Pashinian said that the apparently small satellite was carried into space by a SpaceX rocket that blasted off from Cape Canaveral Air Force Station in Florida on Wednesday.
“Photographs to be taken by the satellite will be used in Armenia for border control, prevention and management of emergencies, environmental protection, including climate change monitoring, urban development, road construction, geology, and other purposes,” he told a weekly cabinet meeting in Yerevan.
Pashinian said the satellite launch was the result of “cooperation” between the state-run Armenian company Geocosmos and Satlantis, a Spanish firm that specializes in the production of small satellites and cameras for them.
He did not reveal financial terms of the deal or technical parameters of the satellite, photographs of which were released by the Armenian government’s press office.

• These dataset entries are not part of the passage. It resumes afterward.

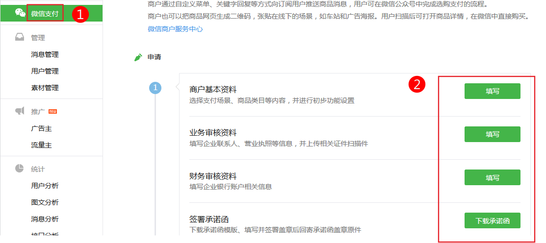 微信支付已通过微信认证的服务号可登录微信公众平台,点击“微信支付”提交资料(详细指引请参考商户服务中心),申请公众号支付功能。 申请条件完成服务号认证: 1、微信支付功能目前仅对完成微信认证的服务号开放申请(企业、媒体、政府及其他组织)。若公众帐号符合开放申请要求,可直接进入第二步(微信公众平台提交资料);
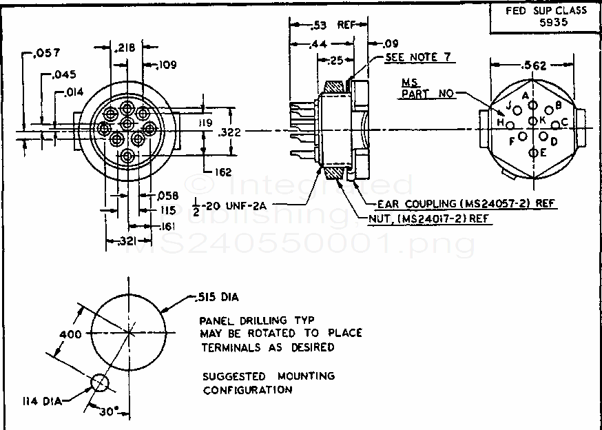 MS24055 Connector, Plug-Receptacle, Electrical, Hexagonal, 9 Contacts, Female, 7.5 Amps (S/S By Mil-Dtl-28748/15)
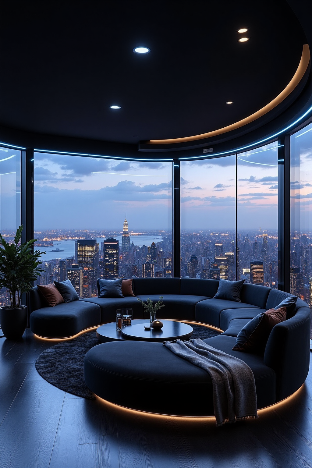 High - tech sense with cityscape view, modern relaxation space, rounded sofas, LED highlights, panoramic windows, city dawn panorama, sleek decor.
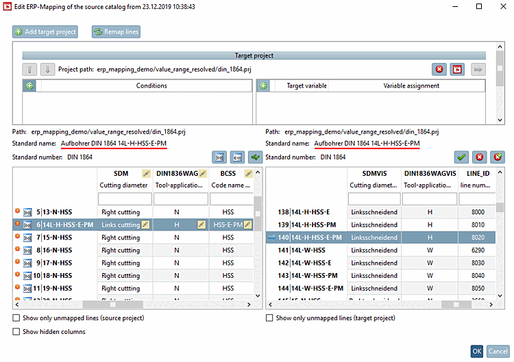 .-> The Edit value range assignments [Edit value range mappings] dialog box now opens with a list of all value combinations (the individual values separated by semicolons). At the end of each line is the LINE_ID separated by a colon.
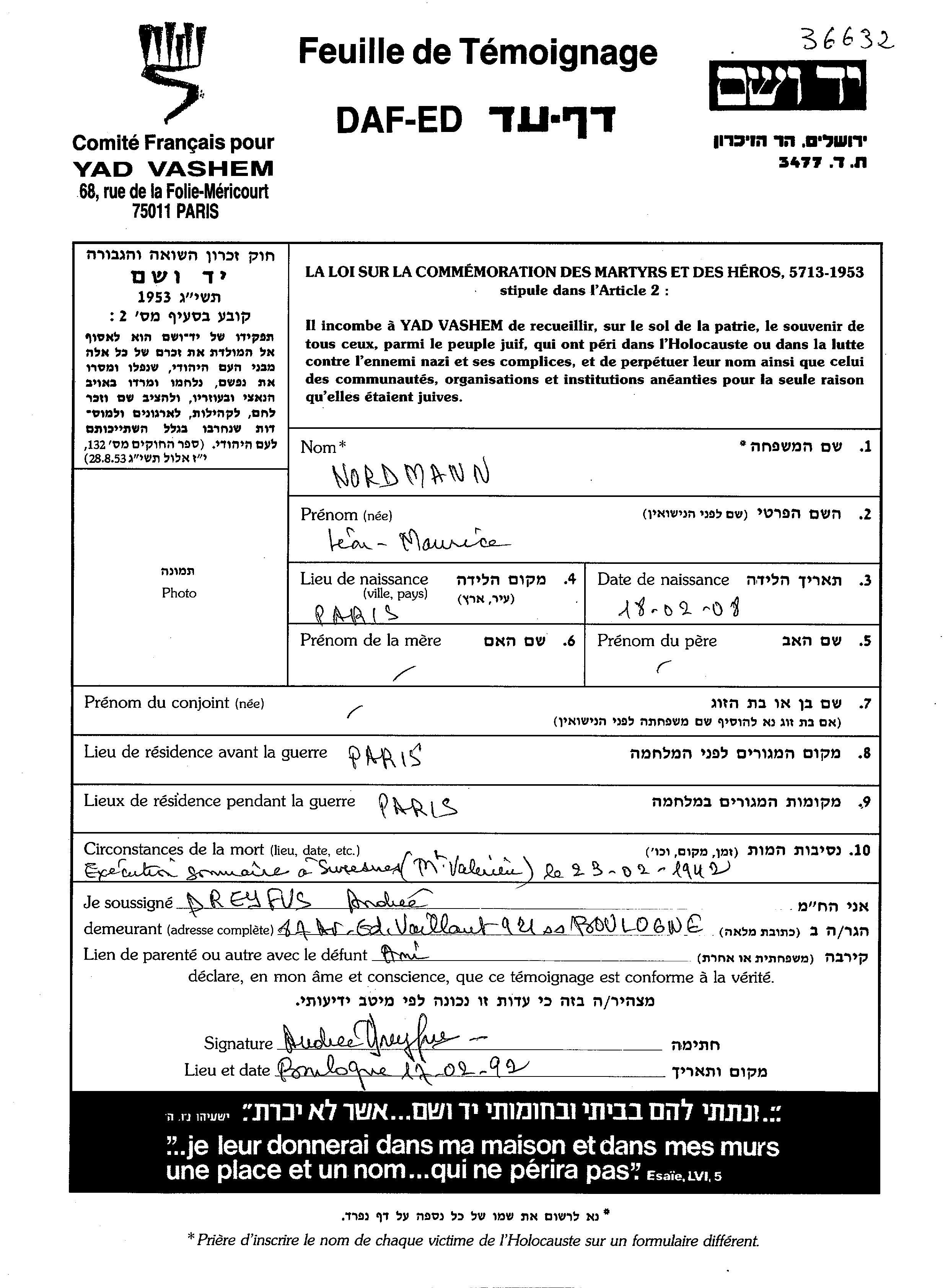 Maurice לאון Nordmann נולד בParis שבצרפת בשנת 1908. לפני מלחמת העולם השניה התגורר בParis שבצרפת. בזמן המלחמה הוא היה בParis שבצרפת. הוא נרצח בשואה. מקום המוות: צרפת שבצרפת בשנת 23/02/1942.
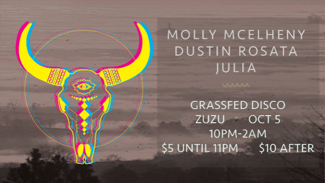 Grassfed Disco  Locally sourced, 100% natural- ZuZu, 21+, 10:00PM, $5 before 11:00, $10 after
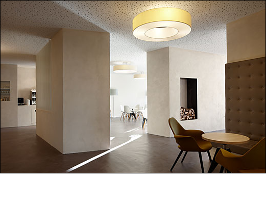 Das Foyer und die Aufenthaltsbereiche im Erdgeschoss werden räumlich neu zusammengefasst. Von der Ortogonalen abweichende Raumkörper gliedern den Gesamtraum in unterschiedliche Raumzonen. Diagonale Sichtbeziehungen zwischen den einzelnen Aufenthaltsbereichen schaffen Transparenz und Übersichtlichkeit. Sitznischen- und bänke laden zum Verweilen ein. Materialien und Oberflächenfarben schaffen zusammen mit der dezenten Beleuchtung ein stimmungsvolles Ambiente.
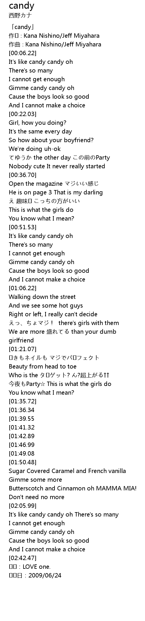 | [00:01.22] | 「candy」 |
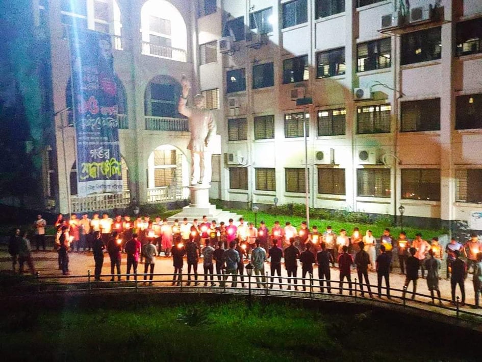 আজ বুধবার (৭ অক্টোবর) সন্ধ্যা ৭ টায় বিশ্ববিদ্যালয়ের বঙ্গবন্ধু ভাস্কর্যের পাদদেশে এ কর্মসূচী অনুষ্ঠিত হয়।
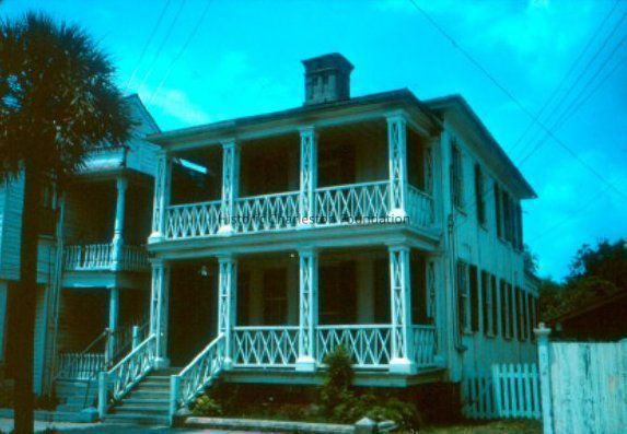 Color slide of 192 Queen Street (Lopez House), street (front) elevation, corner view.Collection
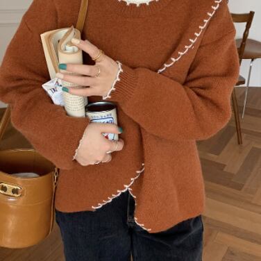 このセーターは、ブラウンとアイボリーのシンプルなカラーリングが特徴。スリムで細身のシルエットが、身体のラインを美しく引き立て、上品でかわいらしい印象を与えます。春、秋、冬と着用でき、様々なシーンで活躍してくれます。

Armenia had first announced plans to launch its first commercial satellite after holding talks with Russia’s Federal Space Agency in 2012. A year later, a senior official from the country’s former government said Yerevan hopes to attract private investments in the project worth as much as $250 million. The project never materialized.
Pashinian did not explain why his administration opted for a different, more small-scale space project and contracted Western, rather than Russian, companies to implement it.
Armenia’s arch-foe Azerbaijan launched its first communication and observation satellite into space in 2013. The Azerbaijani army reportedly used satellite images for its offensive military operations carried out during the 2020 war in Nagorno-Karabakh.